I'm a little worried here. I woke up. Turned on my receiver then as I walking to turn on the lights, I heard a "POP", then I saw a large white flash of light in the middle of the room. Then I heard little pop pop pop spark noises from the receiver. I don't know why I saw the spark in the middle of the room, maybe because I just woke up and I have a mirror on the opposite end of the receiver.

Anyway, I unplugged my sub since it is still a couple day old and I went to smell to see if anything is burnt. Seemed okay. Turned it on at low volume first, gradually turned it up. Still okay. Everything seems to be fine. The receiver is still a couple weeks brand new, with ventilation on top.

Was I hearing and seeing things? Should I get ready to return it because it's soon to fail on me? I google'd this but no results. I did notice that before I went to bed, I touched the top of the receiver and it felt kinda tingly, like static charges going through my fingertips. I am on carpet, maybe I loaded it up with a charge before I went to sleep and when I turned it on, it shot out a static fireball?


----------



## Anthony (Oct 5, 2006)

That was most definitely an arc of some sort. A likely culprit could have been a stray wire from one of your speakers "leaning" too close to another. When you powered it up, it shorted, sparked, and the heat from the spark knocked the wire away from contact (or melted it, or both). 

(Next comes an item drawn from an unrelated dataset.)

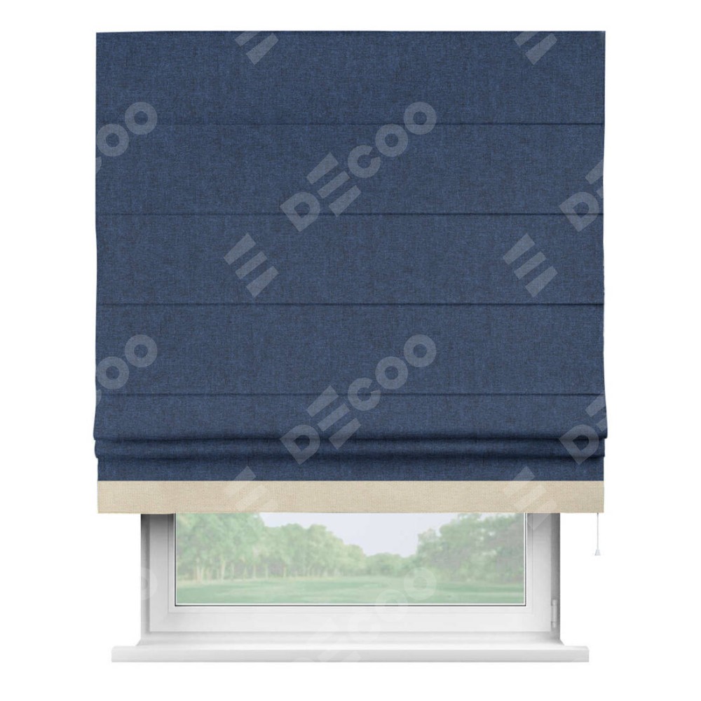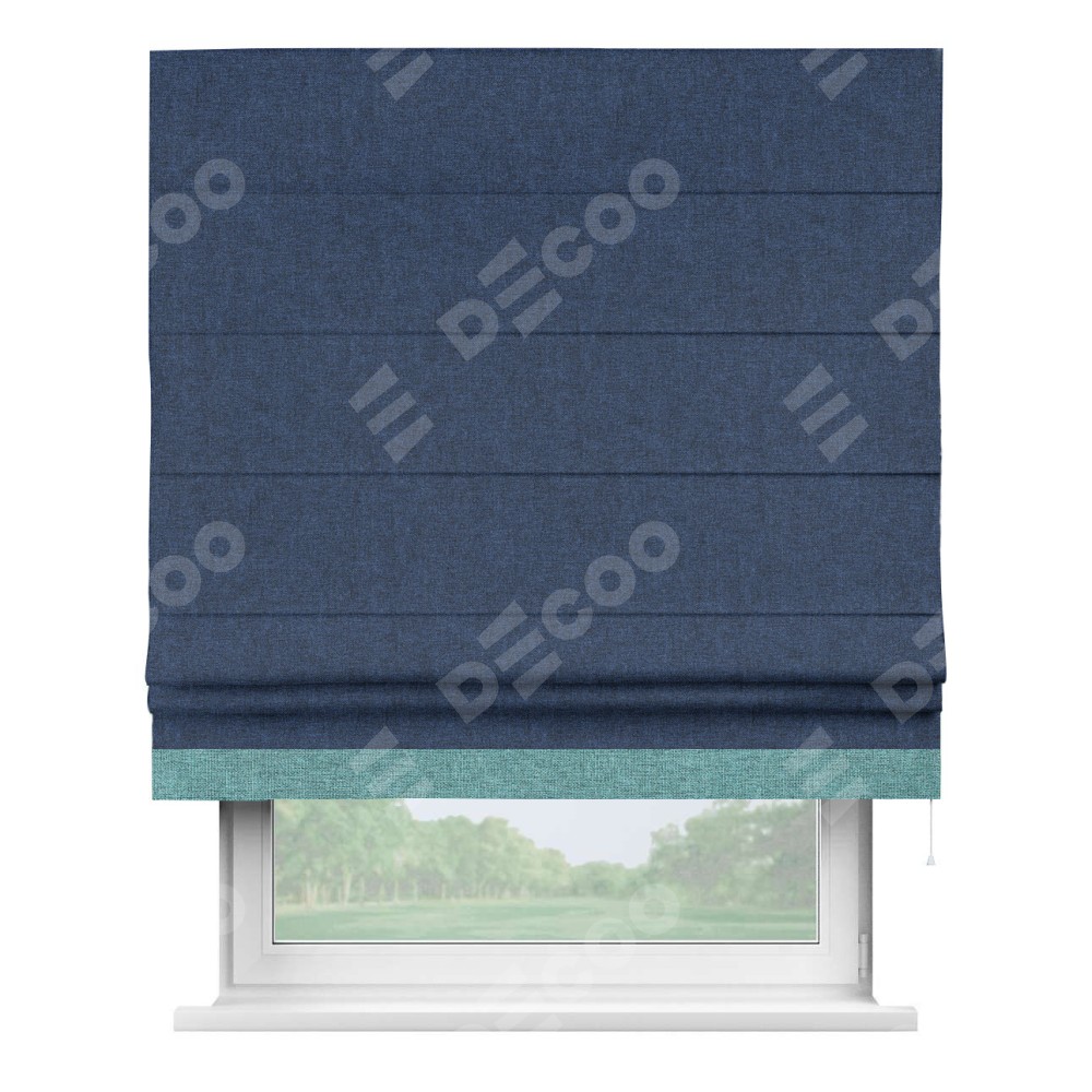 Римская штора пошита из ткани лён кашемир тёмно-синий, артикул: 17215, с отделкой кантом «Джестер» выделяется своей уникальной особенностью — кантом, расположенным только снизу шторы. Этот дизайн добавляет оригинальности и игривости оконному оформлению, делая акцент на нижней части шторы и создавая интересный визуальный эффект. Отделка кантом на нижнем крае не только служит эстетической функции, но и способствует увеличению прочности и износостойкости ткани в этом месте.

I would double check your speaker connections on the receiver. If everything is working well, then it sounds like the protection circuit worked and the amp stage did not blow up on you.

Best of luck.


----------



## wil11o6 (Jun 24, 2010)

Thanks for the quick response, I'll check now and get back.


----------



## wil11o6 (Jun 24, 2010)

Hmm...you are pretty good. Nothing is really melted or touching but I noticed after that initial loud spark, everytime I turn on my receiver, it makes a static pop noise. At first I thought it was the receiver, but it's actually coming from my center. I unplugged the center speaker, and it went away. Now I need to really take out everything to check the center speaker wire.


----------



## Anthony (Oct 5, 2006)

In that case, the short may not have been at the connection point. Look for a crimp or kink in the wire or maybe a place where it was pinched and the insulation tore a little.

If you have extra wire, try rewiring the center channel altogether and see if that makes it go away. At least then you have narrowed it down to the wire. If the problem persists, you may have damaged the center channel crossover or the amp channel. To confirm, try swapping speakers and see if the problem follows the physical speaker or which channel it is. That should also help isolate the problem.

Good luck.


----------



## wil11o6 (Jun 24, 2010)

Okay, so it appears the center channel does not work now. Every time I turn on my receiver, it makes a pop noise, and then no sound comes from center channel. I tried connecting my Right speaker to center channel and set at All channels mode, still no sound. Is this receiver dead? At least for the center channel :crying:


----------



## Anthony (Oct 5, 2006)

Yeah, it might be. If the wiring looked clean it could have been something in the receiver chassis shorting and sparking. Might have been dropped in shipping. Rare, but not impossible.

The good news is that if you cannot exchange it, you can usually get them repaired. I have had two repairs done on my Marantz SR-18 and it is still working (now just as a preamp, but the amp section works).

In any case, test your wires and speakers again to make sure there are no shorts and that your center speaker works (plug it into the L or R channel). If it is wiring or a short in the speaker you don't want to harm another unit. If you don't already, I'd get a cheap Radio Shack multimeter. They all have a short beeper (if the leads touch or there is a short it beeps/buzzes). A good quick way to test if a wire is compromised.


----------